I really just want to add one thing, without the desire to speak over anyone: if we really want to do justice by more fans like Crystal, we have to consider these things before anyone should have to write a blog post, or make a second complaint, and every time that we don’t, we have already let our communities down. 

It seems at this point that missing stairs exist in every community of this kind, and there is an urge to defend our spaces from the negative effects of that without actually making any steps forward. A lot of what Crystal documents in this post mirrors things that I’ve seen elsewhere.

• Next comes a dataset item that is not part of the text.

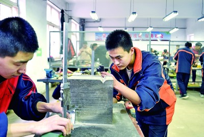 2月15日,在河北省石家庄市井陉县一所职业技术教育中心,学生在进行技术训练。张晓峰摄/光明图片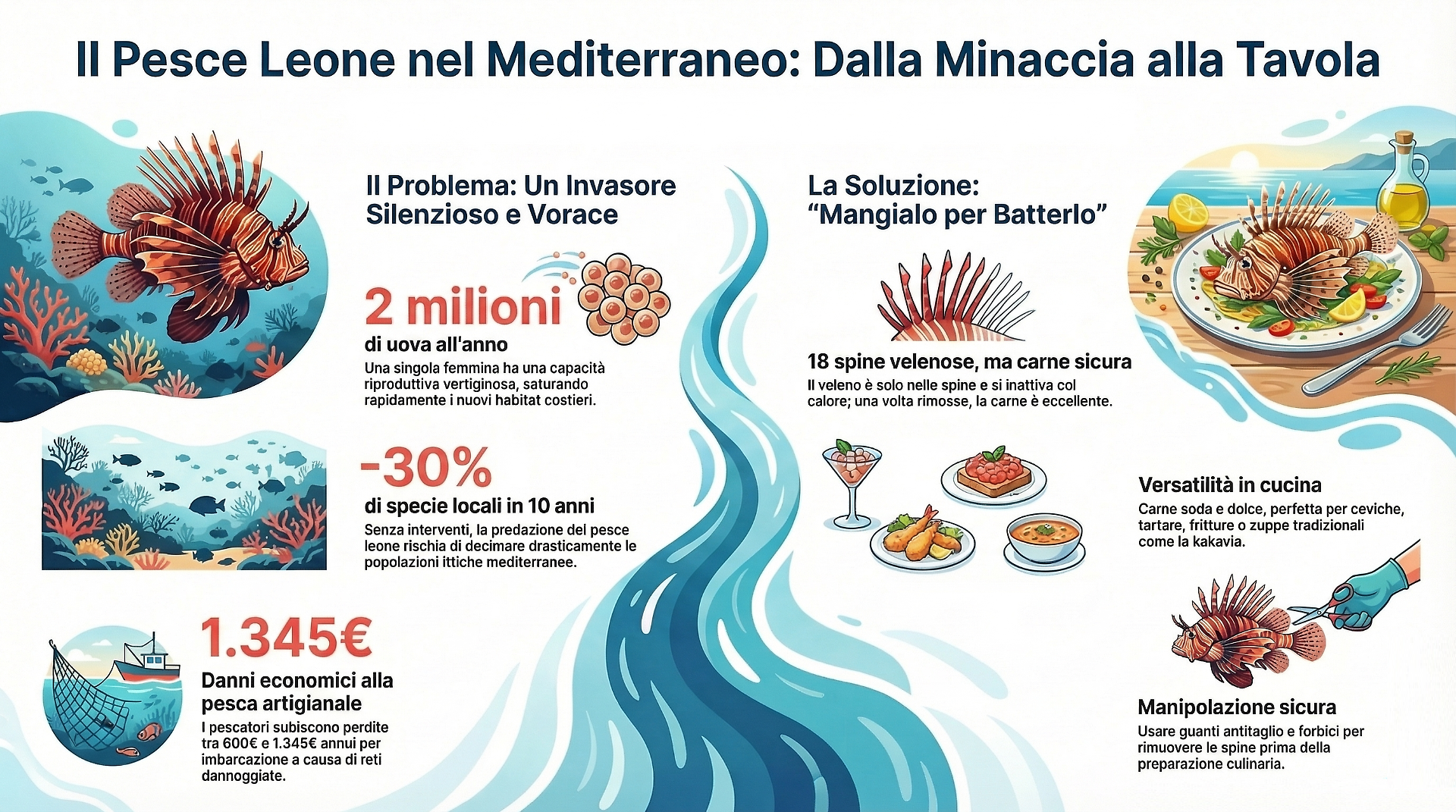 A Cipro, dove l’invasione è più avanzata, il prezzo del pesce leone è già competitivo e diverse taverne lo propongono con ottimi riscontri. Molti consumatori restano però diffidenti sulla sicurezza alimentare. È vero che le spine contengono una tossina pericolosa per chi le maneggia — veleno che si inattiva con il calore —, ma le carni, una volta pulite correttamente, sono del tutto sicure.

They excuse those missing stairs’ behaviour by minimising and dismissing it: ‘what they did wasn’t a crime, just creepy’, then ‘what they did wasn’t creepy, just strange’, then ‘what they did wasn’t strange, why are you making a big deal out of this?’. They insist that the person’s contributions to their community, their brand, or their art form is greater than the hurt they may have caused to one person. They even argue that, so long as their actions didn’t take place in their capacity as a member of our community, it isn’t even their business. 

All of those aren’t just signs that they aren’t thinking about the victims that have come to them. They’re red flags that the process of unlearning and consciousness-raising that those communities need in order to serve their entire congregations is missing, and without it, they underserve every single person who associates with them in any capacity. The metaphor is ‘missing stair’ for a reason – not only because encountering one without warning, when it could have been adequately repaired, puts the person about to step there at serious risk, but because the idea that it’s just there without any work done to reduce its harm puts a non-zero amount of other potential lives at risk in perpetuity. 

Worse still, is that in a lot of those situations, metaphor does us no good. Staircases, after all, aren’t sentient. A lot of people take advantage specifically of the fact that we’re willing to tread lightly around them for one reason or another. The same reasons you don’t want to lose them – their expertise, their brand, your good favour with others – are the same things they use, even inadvertently, to leverage power over potential victims. 

And that fact – that while one organisation’s lack of process is now in view, others may still be mired in the same issues – troubles me. 

Folks like Crystal deserve much better from fandom. And that means we not only ask questions about Arisia, but we ask questions about every fandom space we create, enter, or help to nurture, so that we don’t risk even more communities. If we can’t do that – if we need survivors to make noise about our repeated inaction in the first place, and even then we struggle to do the right thing – then not only have we already failed a non-zero amount of fans we haven’t even met or hurt yet, but that pain will persist and exacerbate for every moment that we refuse to right ourselves. 

Every call to action Crystal has left on that post is a framework for how we can keep any and every fandom space accountable. Unfortunately, I can promise you that this is an awakening that someone you know or a space that you are deeply invested in sorely needs, and especially if you want to believe that it has good work to do and you want that work to continue, you have to be willing to stand up and take those organisations to task, even if that means no longer engaging with them. 

Because every fandom space needs more people as kind, as warm, as eager, and as committed to diverse and healthy space as Crystal. Because nowhere deserves to suffer what she has suffered. And because creating safe fandom means taking stories like this absolutely seriously, and any space that would so much as lapse in the face of that decisiveness is prolonging the pain of its current victims, and promising a non-zero amount of potential fans that, Heaven forbid those abusers ever victimise you, they will not offer you anything. 

Read Crystal’s words again. If Arisia is a space you’re in, or want to be in, consider her terms. And always, always endeavour to make or participate in spaces that never treat their fans, and especially their saints, this cruelly.